Gina (Blake Lively) has been blind for the entirety of her relationship with husband James (Jason Clarke). The two live in an apartment in Bangkok, where they’ve been waiting for news on the possibility of an operation to restore her sight. They get the call, the operation is successful, and for a while at least, everything is good. But Gina’s repaired vision brings her a host of new opportunities, opportunities that James is none too pleased about…

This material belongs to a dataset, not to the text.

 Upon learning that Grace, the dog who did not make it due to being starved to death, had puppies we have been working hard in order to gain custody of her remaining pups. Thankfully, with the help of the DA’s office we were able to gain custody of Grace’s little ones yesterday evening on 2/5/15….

The portrayal of blindness in cinema is often scary and stifling; a heavy cloak of black where there should be vibrant colour. Not so with All I See Is You. Whilst she’s still blind, Gina’s vision has a sparkling phosphorescent edge, as if her eyes had been wrapped in many layers of gauze, still allowing sunlight to filter through. Forster combines these point of view shots with abstractions of what she is feeling; sex with James becomes a kaleidoscopic orgy, a thrumming nightclub dancefloor is occupied by her alone.

This visual inventiveness flows all through All I See Is You. Working with cinematographer Matthias Koenigswieser, who only has one other feature to his name, Forster’s film pulses with life and colour and movement. If the imagery sometimes takes a little too much precedence over the narrative, it’s easy to be forgiving when the result is so striking.Still, amidst all that optical splendour, a story does start to reveal itself. It takes a while. It isn’t until Gina has her sight back, and the couple go to visit her sister’s family in Spain that tension begins to appear between the formerly loving pair. With Gina’s vision comes a new confidence and an exuberance that makes James uncomfortable. He hasn’t known this Gina, and he’s not sure that he likes her.

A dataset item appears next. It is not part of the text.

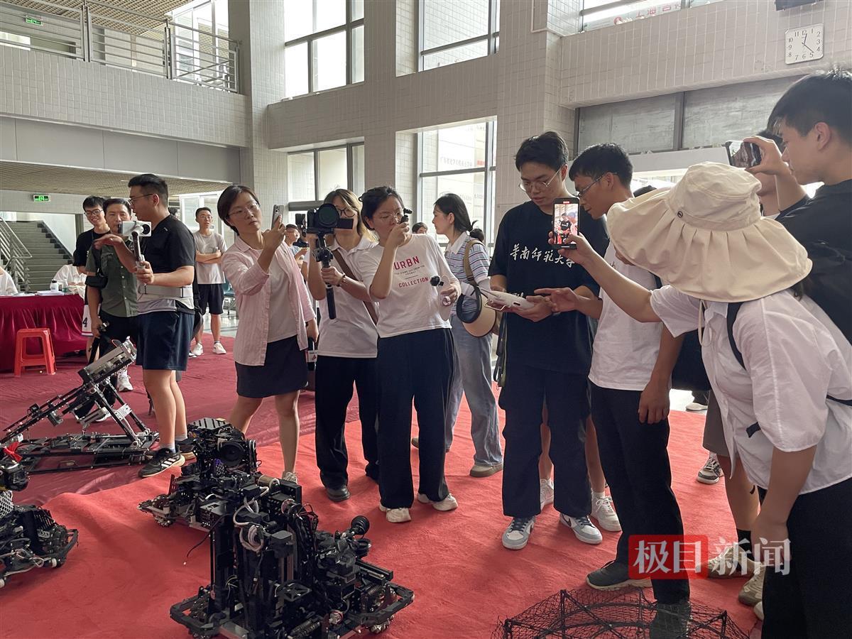 在教学楼大堂,还有光电科学与工程学院学生正在展示他们自主研发设计的功能机器人,在学长的指导下,唐尚珺也体验了一把工程机器人的操纵。“感觉挺厉害的。”他说。
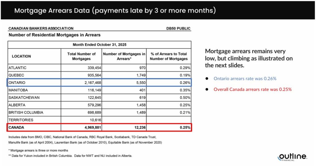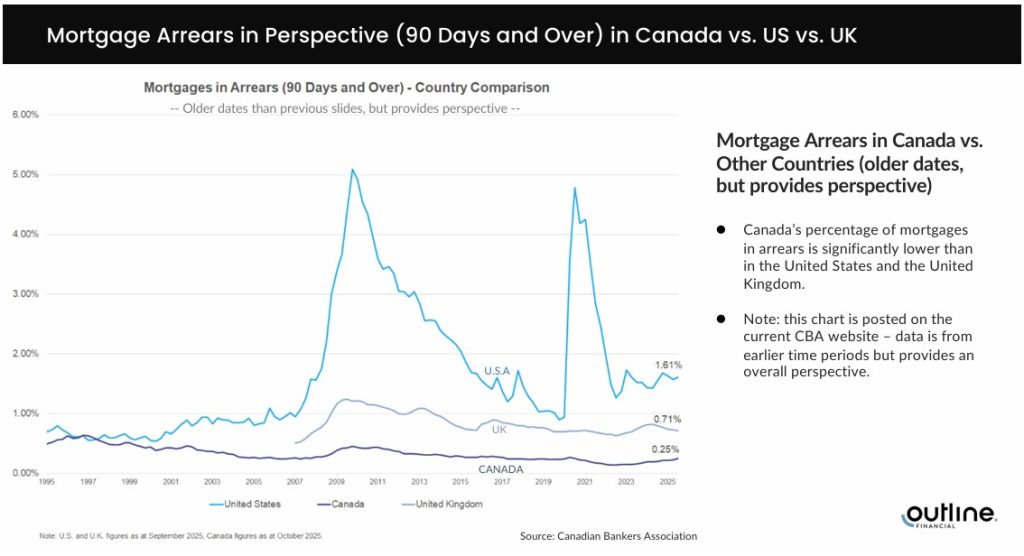 While arrears have increased from just over 0.05% in November 2022 to 0.26% in November 2025, that’s still far from crisis territory. For context, mortgage arrears currently sit at 0.71% in the UK and 1.61% in the U.S. By comparison, Canada is holding up remarkably well.

These early stages of tension are the narrative highlight, and that’s largely thanks to the performances of Blake Lively and Jason Clarke. There’s a lot of tricky emotional shades to deal with here – love, jealousy, confusion, excitement, distrust – and both actors play them with roundedness and empathy. Even in the third act, where events start becoming silly, Lively and Clarke do their best to sell the bizarre actions of their characters and are almost successful.

It’s this concluding portion of All I See Of You that lets the whole film down. Deceptions mount on both sides of the couple, leading the film into some ridiculous areas. Forster tries his best to wrap everything up in a neat bow and it doesn’t work – there’s an unrealistic symmetry to the conclusion that doesn’t reflect the complex emotionality of the rest of the film.

There’s still a lot to like in All I See Is You; the performances of Lively and Clarke, the slow-building tension, and the film’s visually innovative style. It may not be Forster’s best movie, but it’s surely his most beautiful.